Here's a repair of the definition suggested in the OP. Namely, we need the additional assumption that $\text{Hom}(1, -) : C \to \text{Set}$ is faithful (so concretizes $C$). Then with the condition described in the OP, we get a map of sets $^{-1} : \text{Hom}(1, G) \to \text{Hom}(1, G)$, and now it really makes sense to ask whether this lifts to a morphism in $C$; faithfulness ensures that if such a morphism exists, it is unique, and therefore really a property of $G$.

So it may happen that $^{-1}$ exists but is not a morphism in $C$ (and that this is the sense in which $G$ is a group object), but also that $\text{Hom}(1, -)$ factors through some other category $D$ in which it _is_ a morphism.
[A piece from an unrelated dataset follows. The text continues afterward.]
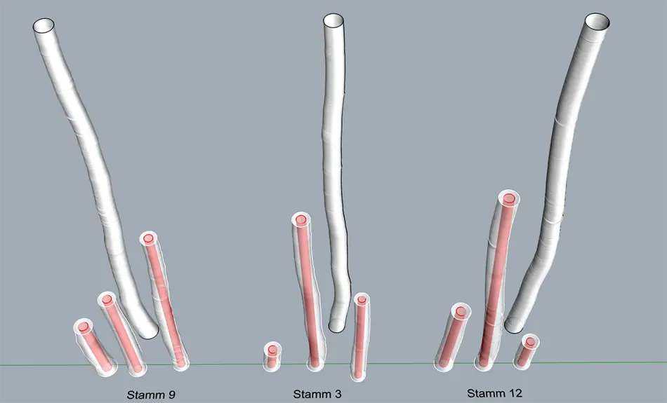 Dazu soll bisher nur als Industrie- oder Palettenholz verwertetes Schwachholz so weiterverarbeitet werden, dass möglichst wenig Prozessenergie zur Herstellung der Holz-Hybridwände aufgewendet werden muss. Es sollen Flächenelemente entwickelt werden, die im Hinblick auf die Anforderungen des Geschossbaus zur Ausführung von tragenden und nichttragenden Wänden und raumabschließenden Fassadenelementen führen können. Gleichzeitig sollen bauphysikalische Anforderungen wie klimaregulierende, wärmedämmende, wärmespeichernde, brandhemmende und schalldämmende Eigenschaften berücksichtigt und untersucht werden. Diese Eigenschaften lassen sich in Kombination mit Lehm, Recyclingbeton oder anderen mineralischen Baustoffen erzielen, wobei hier möglichst auf vorhandene Standardrezepturen zurückgegriffen werden soll. Vorgeschlagen werden Schichten, welche die stehenden (dicht an dicht, bzw. Stabkirchenprinzip), geschosshohen und besäumten Stämme bauphysikalisch sinnvoll ergänzen. Die entwickelten Holz-Hybridwände werden anschließend in einer Tastversuchsreihe bauphysikalisch untersucht.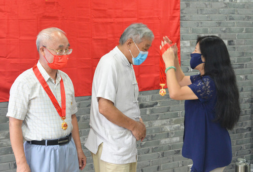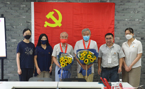此次教育活动特别邀请了今年我院两位获得“光荣在党50年”纪念章的老党员陈勤建教授、朱希祥教授出席。首先,王志介绍了两位老党员简要在党经历和为学院专业发展所做出的贡献。接着,黄美旭为两位老党员颁发并佩戴纪念章并代表学院祝贺两位老师,新生党员向两位老党员献上了鲜花。

For example, if $C$ is the category of Poisson manifolds, then apparently $D$ is the category of smooth manifolds. This provides some motivation for the definition in Ryan Reich's answer, and actually it suggests an even weaker definition:

> Let $C, D$ be categories with finite products and $S : C \to D$ a faithful, product-preserving functor. A (let's say) _$D$-virtual group object_ is a monoid object $G \in C$ together with a morphism $i : S(G) \to S(G)$ such that $S(G)$ (with the induced monoidal structure) is a group object in $D$ with inverse $i$. 

I don't know whether this implies that there needs to be a good notion of heteromorphism associated to $i$ (unless by "heteromorphism" you mean nothing more and nothing less than a morphism in $D$).